THE GOLDSTONE REPORT

The Legacy of the Landmark Investigation of the Gaza Conflict

edited by Adam Horowitz ; Lizzy Ratner ; Philip Weiss

Pub Date: Jan. 11th, 2011
ISBN: 978-1-56858-641-0
Publisher: Nation Books

An edited and annotated version of the controversial United Nations investigation into the recent Israeli attack on the Gaza Strip and reactions by mostly pro-Palestinian observers.

The result of a fact-finding mission commissioned by the UN and led by South African Justice Richard Goldstone to investigate potential war crimes committed by Israel during its Gaza attack in January 2009, the report has been heavily edited by American journalists Horowitz, Ratner and Weiss, introduced by Desmond Tutu and Naomi Klein, and is followed by 11 essays “that capture its ongoing impact.” The Israeli government refused to cooperate—despite the report’s finding that Hamas and the Palestinian Authority were complicit in crimes—and there is essentially one essay in Israel’s defense, by Moshe Halbertal, who condemns the report as “biased and unfair” while urging Israel to respond to the allegations.

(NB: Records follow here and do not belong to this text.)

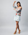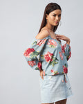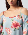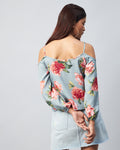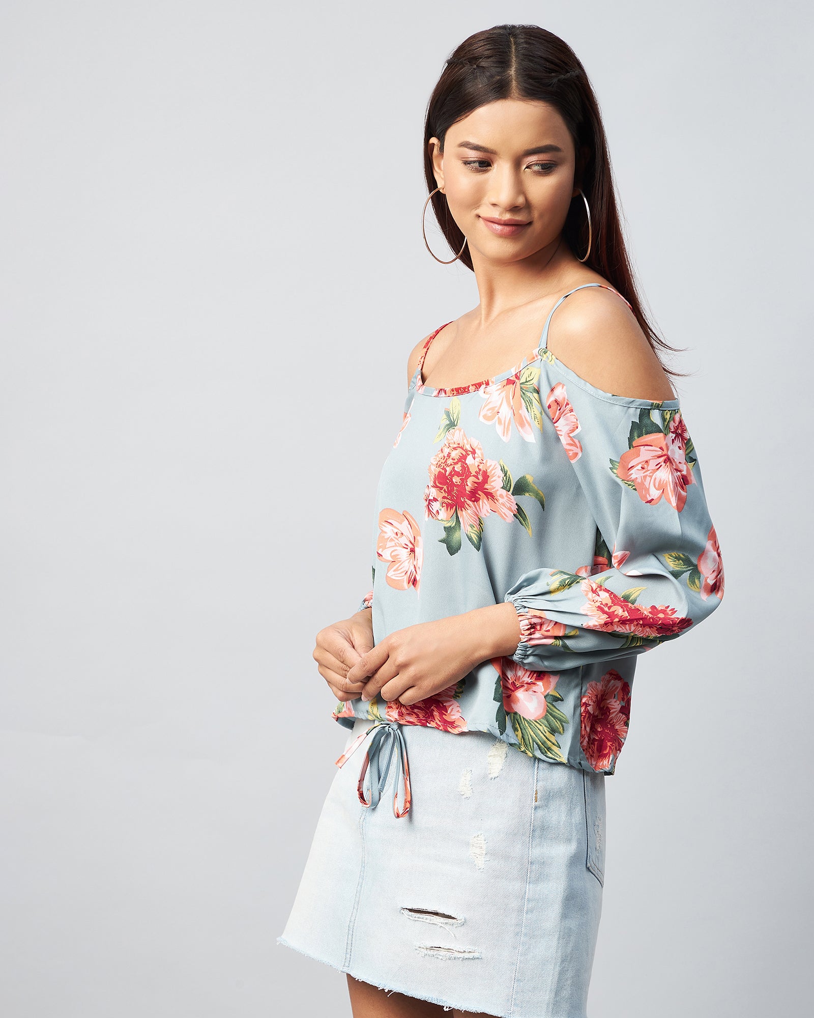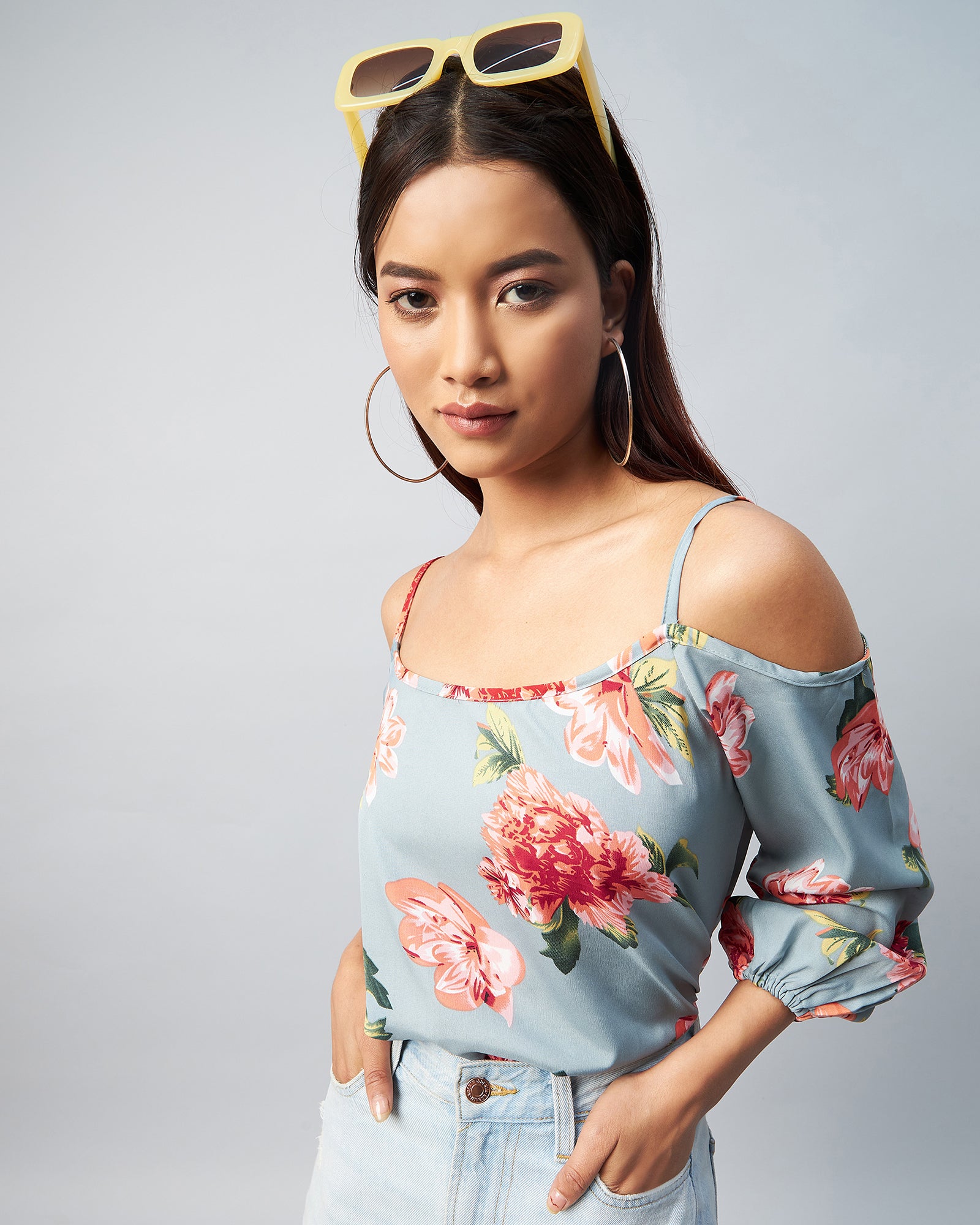 Chimpaaanzee Women Crepe Skyblue Flower Printed Cold Shoulder Top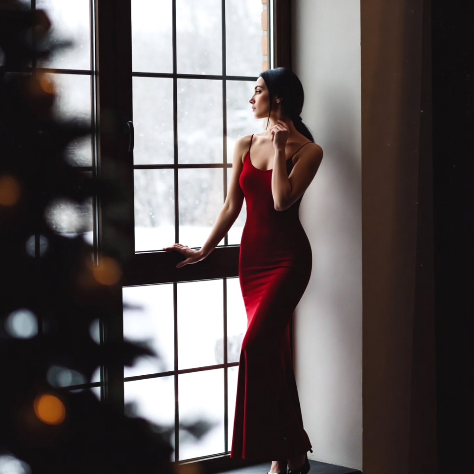 A woman stands by the window wearing a red dress. Snow falls outside as she looks out. The scene is cozy and warm indoors.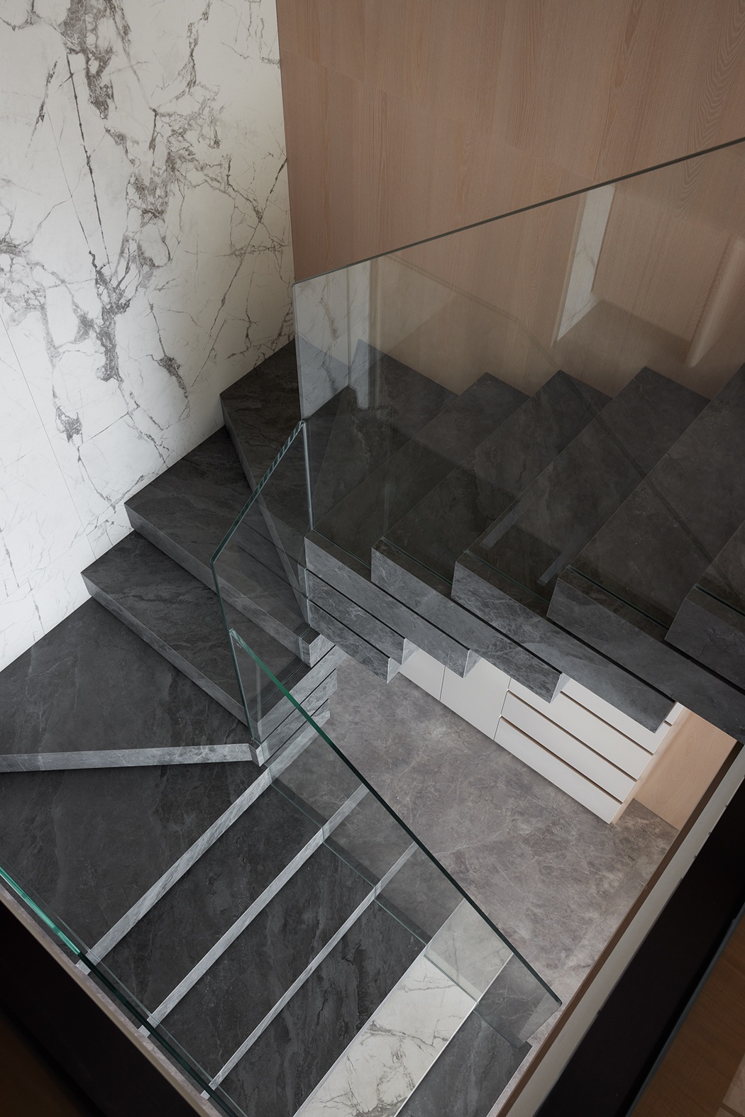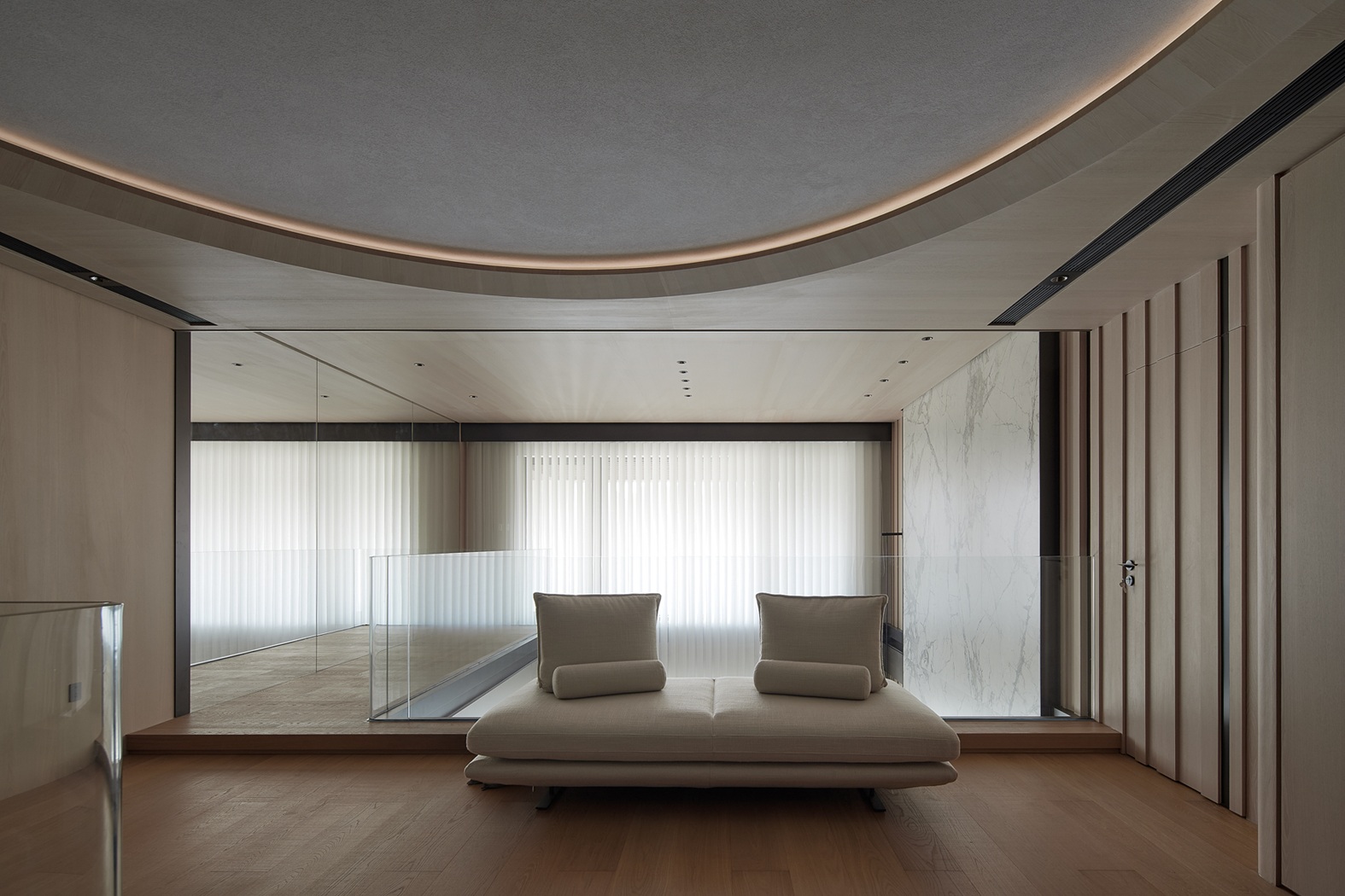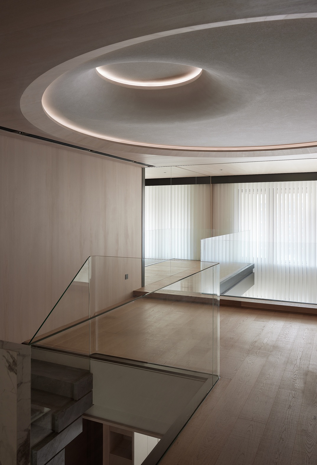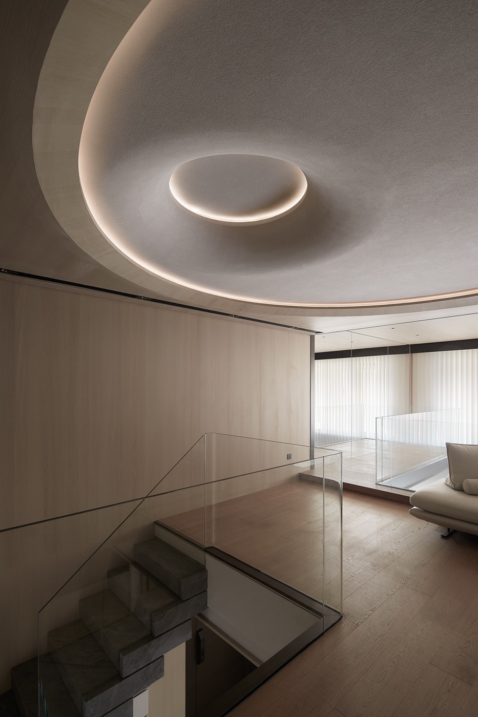 通过台阶而上,围绕着中庭串联起各个卧室空间。当光在墙壁上变幻出各种姿态时,流动的空间愈发安静。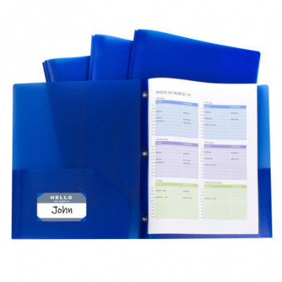 Two-pocket heavyweight polypropylene folders with three-hole punch hold papers and resist tearing
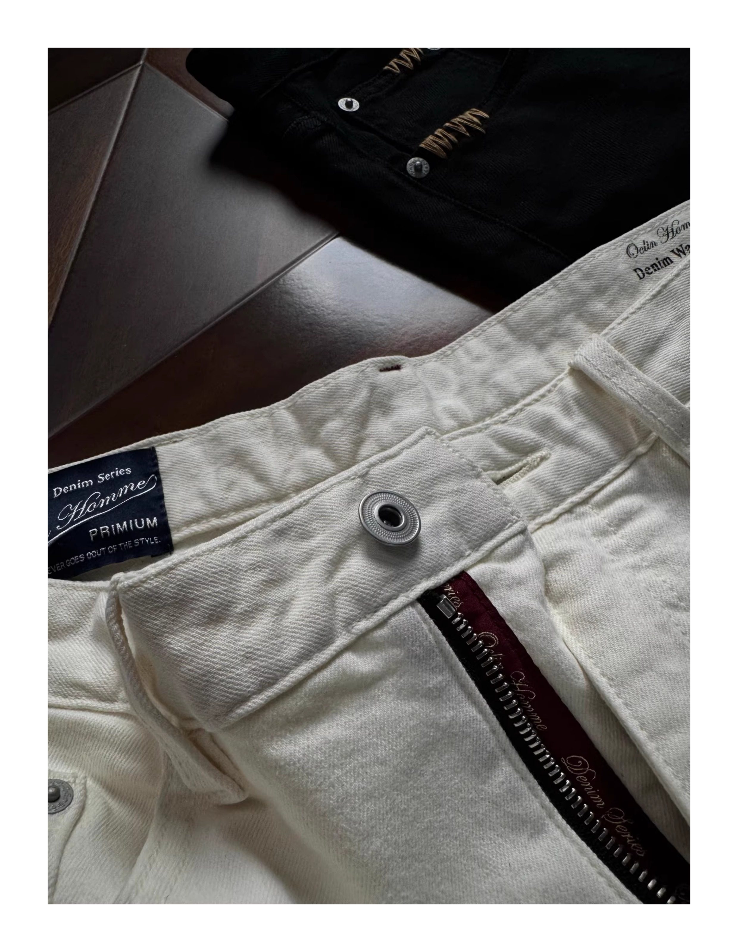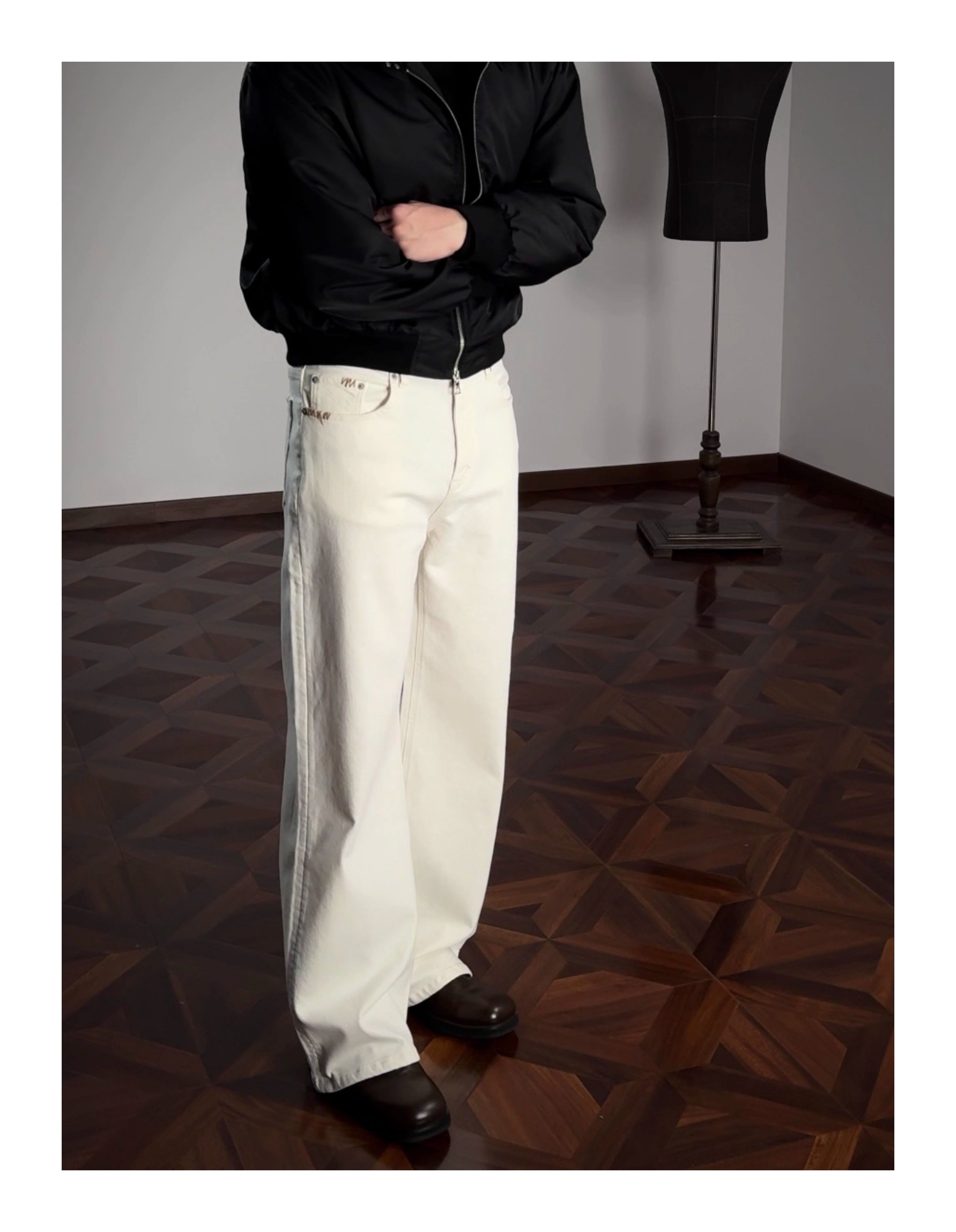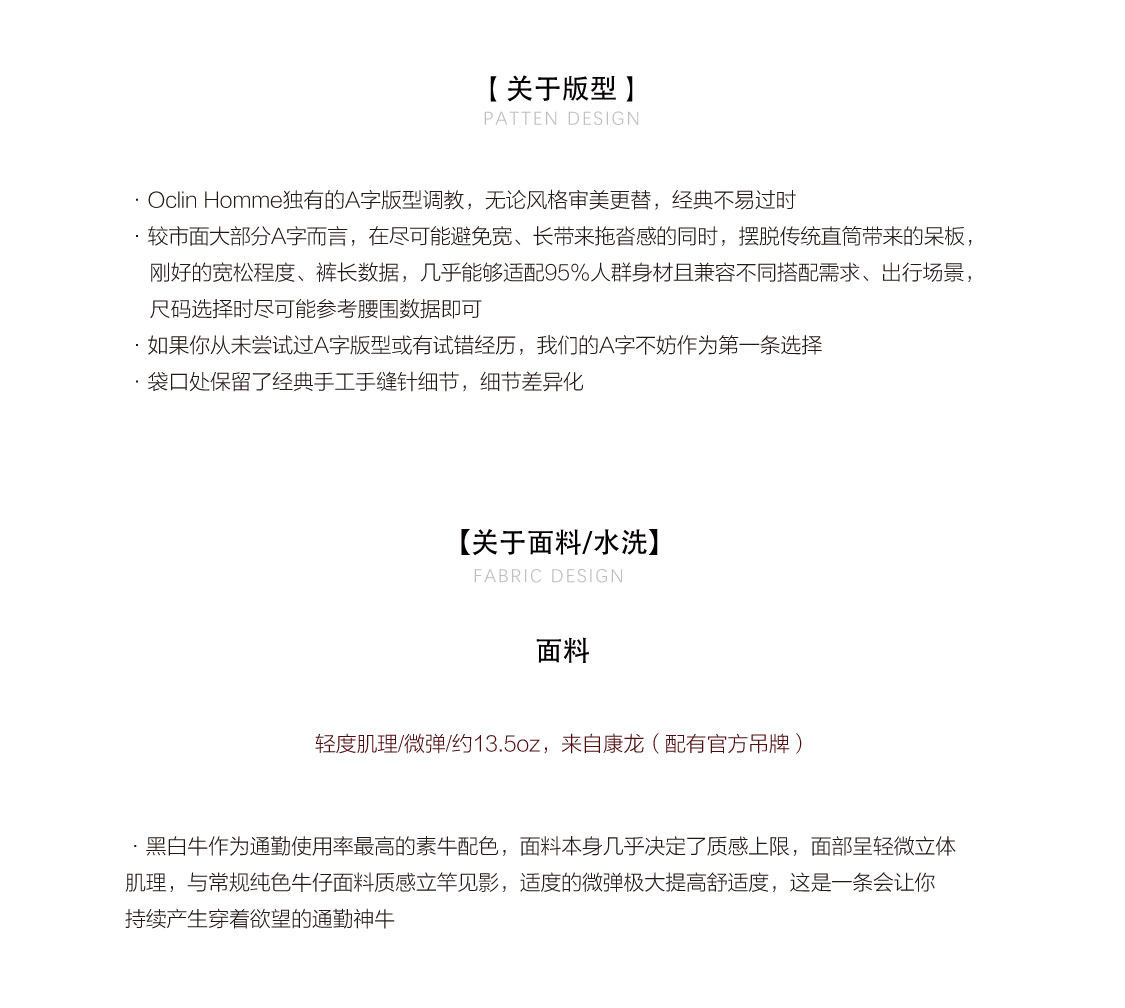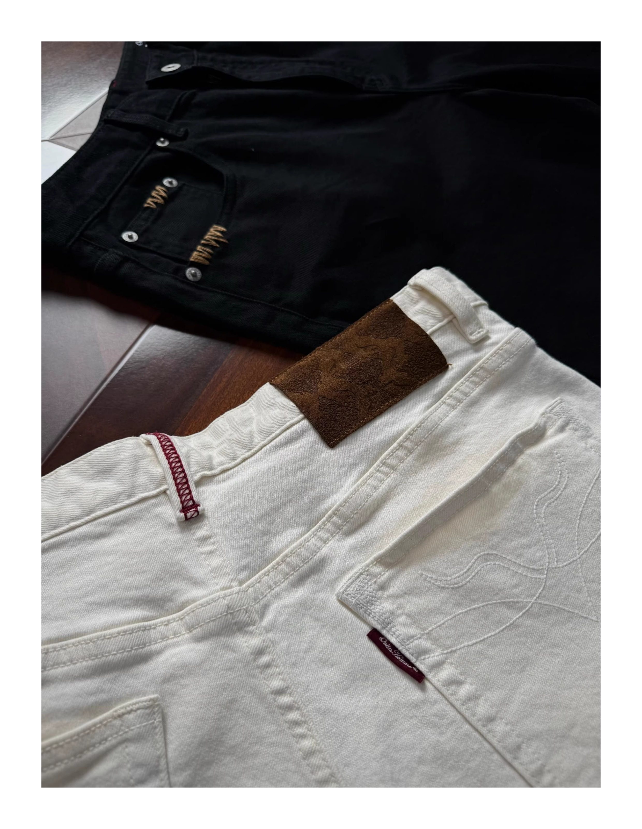 Oclin Master Collaboration 008 Hand-Stitched Black and White Kanglong Cow A-Line Lightly Washed Textured Slightly Stretch Denim Jeans

The report is hard-hitting and grim, exposing for the world the horrendous conditions wrought by the years of Israeli occupation. Following three years of blockade of an already weakened Gaza and responding to suicide bombings and other acts of terrorism inflicted on southern Israel, the Israeli Defense Force swiftly moved into Gaza in late 2008 and deliberately destroyed houses, industry and agricultural land. At least 1,400 Palestinians were killed, approximately 900 of which were civilians, 300 children and 100 women. The report asserts that Israel’s military operations were “designed to punish, humiliate and terrorize a civilian population, radically diminish its local economic capacity…[and] force upon it an ever increasing sense of dependency and vulnerability.” The report also addresses the deliberate attacks against the civilian population, the use of Palestinians as “human shields,” internal violence by Hamas and the Palestinian Authority and the suppression of dissent in Israel. Subsequently, the commentators—including Rashid Khalidi, Raji Sourani, Jerome Slater and Henry Siegman—discuss the report’s acknowledgement of the “prolonged state of impunity” by Israel and the implications for international law, while Brian Baird recounts the systematic condemnation of the report by the U.S. Congress.

An eye-opening document and an urgent call for accountability.